__Task brief__
Give back the whole listing word for word and skip each picture.

__Data below__
========

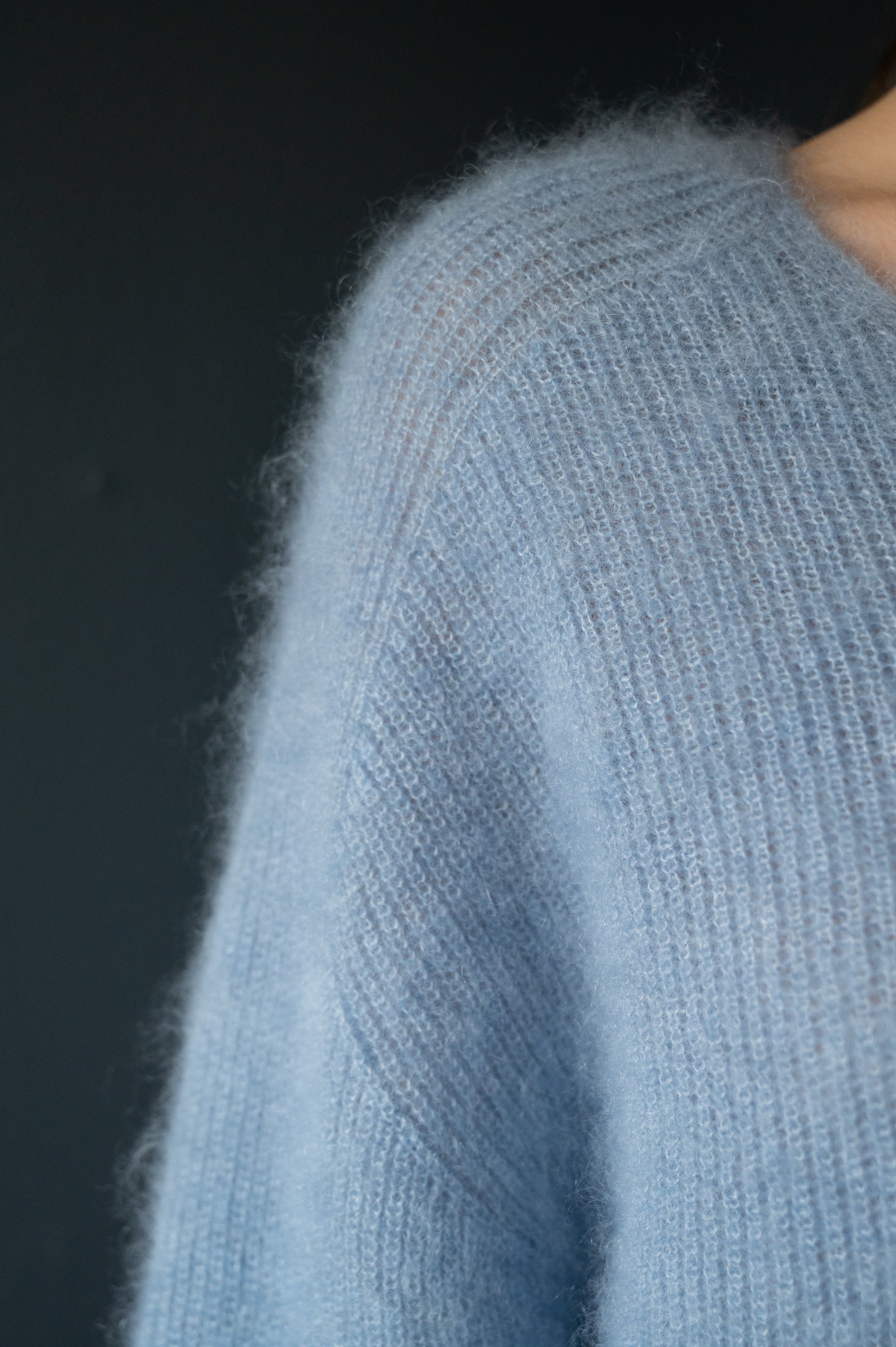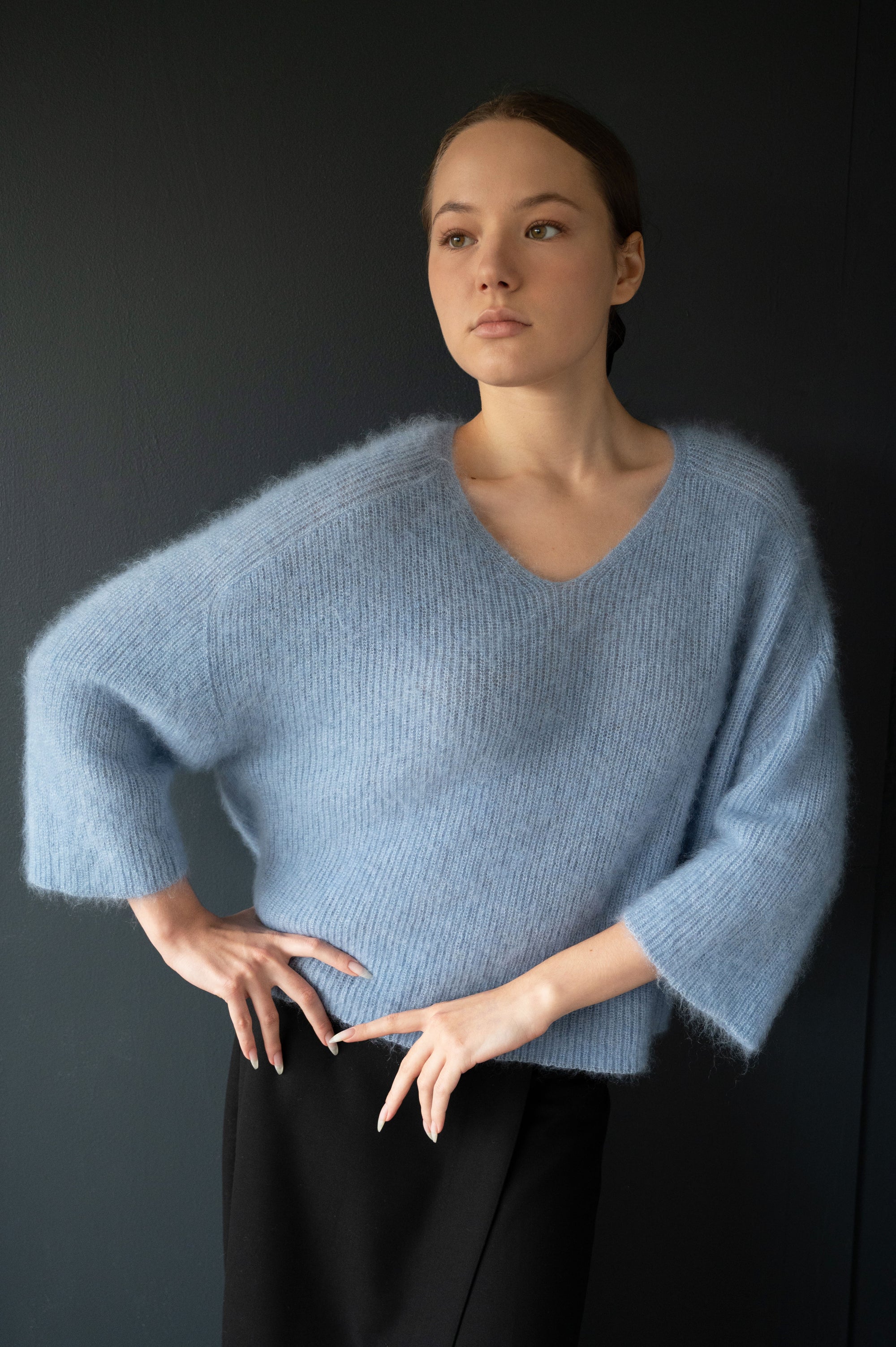 Mohair & Silk Cropped Sleeves Sweater in Sky Blue
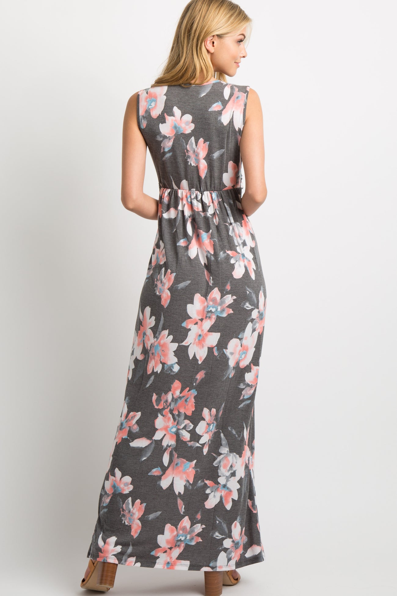 Charcoal Grey Floral Sleeveless Knot Front Maxi Dress
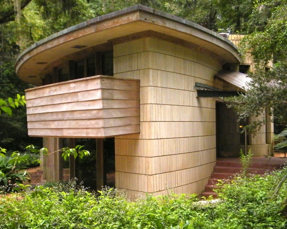 Not everyone knows that, at a certain point in his very long career, Frank Lloyd Wright stopped designing Usonian houses — horizontally developed buildings with perpendicular lines and pitched roofs — and began to conceive villas with circular forms, each time interpreted differently according to the client and the relationship with the surrounding landscape. Such is the case of the Spring House, located on the outskirts of Tallahassee, Wright’s only residential project in Florida.
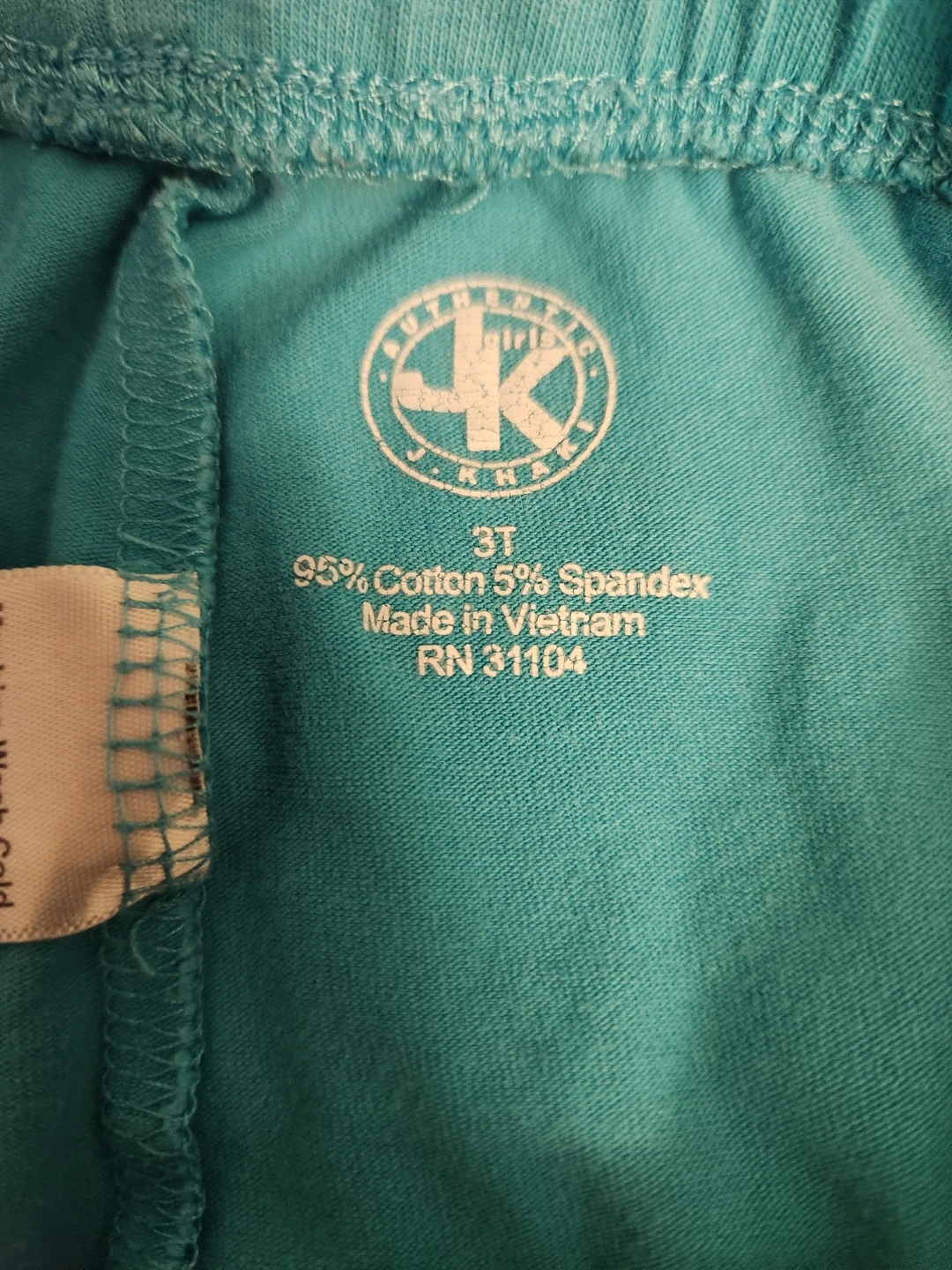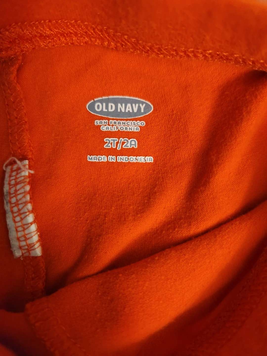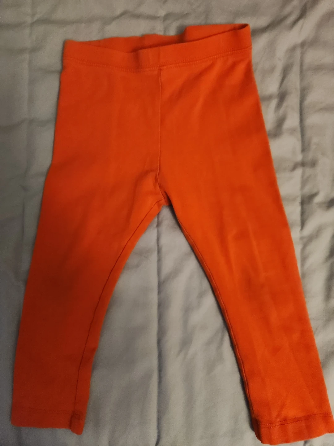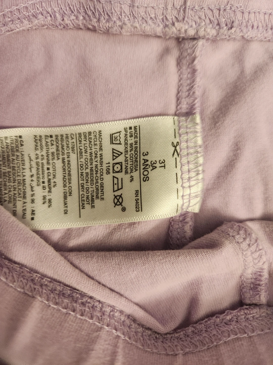 Bundle of five pairs of kids' leggings in size 3T and 2T. Includes one floral print pair from Old Navy and four solid coloured pairs.

========

__Result for this task__
 Mohair & Silk Cropped Sleeves Sweater in Sky Blue
 Charcoal Grey Floral Sleeveless Knot Front Maxi Dress
 Not everyone knows that, at a certain point in his very long career, Frank Lloyd Wright stopped designing Usonian houses — horizontally developed buildings with perpendicular lines and pitched roofs — and began to conceive villas with circular forms, each time interpreted differently according to the client and the relationship with the surrounding landscape. Such is the case of the Spring House, located on the outskirts of Tallahassee, Wright’s only residential project in Florida.
 Bundle of five pairs of kids' leggings in size 3T and 2T. Includes one floral print pair from Old Navy and four solid coloured pairs.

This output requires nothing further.